Unhappily, the extravagant trappings of the unrelenting status-seeker acquire such an importance that they appear to be more than they are. They are, after all, only mimics of dominance, not dominance itself. True dominance, true social status, is related to the possession of power and influence over super-tribal subordinates, not to the possession of a second colour television set. Of course, if you can easily afford a second colour television set, then it is a natural reflection of your status and acts as a true status symbol. A second colour television set, when you can only just afford the first one, is a different matter. It may help to impress on the members of the social level above you that you are ready to join them, but it in no way ensures that you will do so. All your rivals, at your own level, will be busily installing their own second colour television sets with the same idea in mind, but it is the fundamental law of the hierarchy that only a few from your level will make the grade to the one above. They, the lucky ones, can justifiably hang wreaths around their second colour television sets. Their dominance mimics worked the trick. All the rest, the power failures, must sit there, surrounded by the expensive clutter of the dominance mimics that have suddenly revealed themselves for what they are: illusions of grandeur. The realization that although they are valuable aids to successful dominance ladder-climbing, they do not actually guarantee it, is a bitter pill to swallow.

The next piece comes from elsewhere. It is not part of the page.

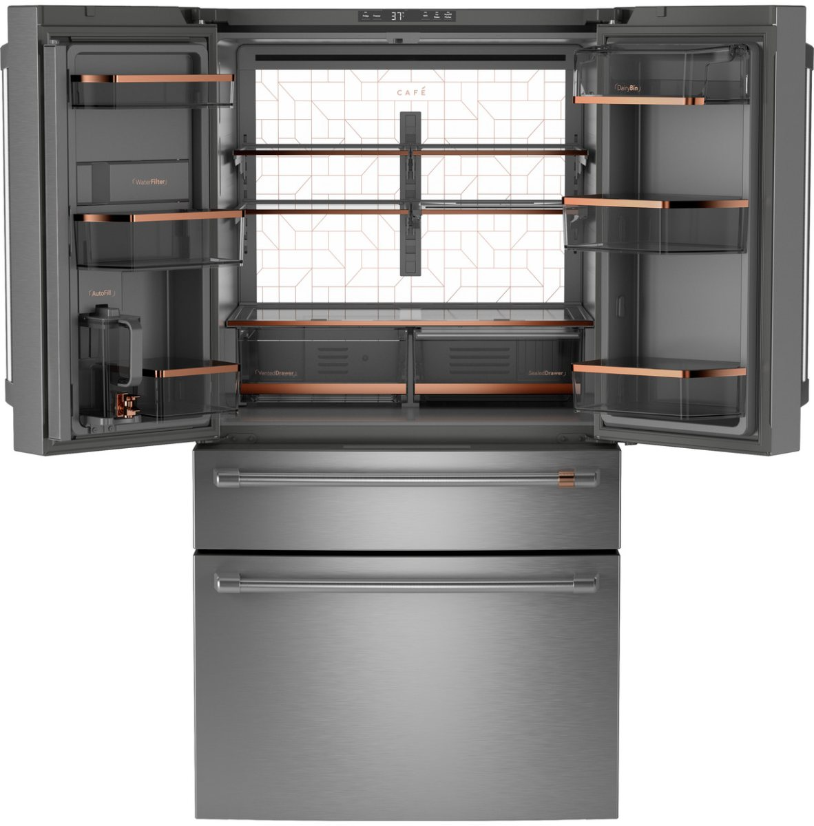Curated to fit your needs, TwinChill™ Dual Evaporators feature refrigerator climate zones that keep all food items perfectly fresh in both the fresh and freezer sections. This stylish refrigerator convertible drawer with glass dividers offers a clean, aesthetic storage solution that allows for simplified organization.

The damage caused by the exaggerated pursuit of dominance mimicry can be enormous. It not only leads to a condition of depressing disillusionment for the less successful status-seekers, it also demands such great efforts of the supertribesman that he may have little time or energy for anything else.
The male status-seeker who indulges in an excess of dominance mimicry is often driven to neglect his family. This forces his mate to take over the masculine parental role in the home. Taking such a step provides a psychologically damaging atmosphere for the children, which can easily warp their own sexual identities when they mature. All that the young child will see is that its father has lost his leading role inside the family. The fact that he has sacrificed it to a struggle for dominance outside, in the larger sphere of the super-tribe, will mean little or nothing in the child’s brain. If it matures with a well-balanced state of mental health it will be surprising. Even the older child, who comes to understand the super-tribal status race and boasts about his father’s status achievements, will find them small compensation for the absence of an active paternal influence. Despite his mounting status in the outside world, the father can easily become a family joke.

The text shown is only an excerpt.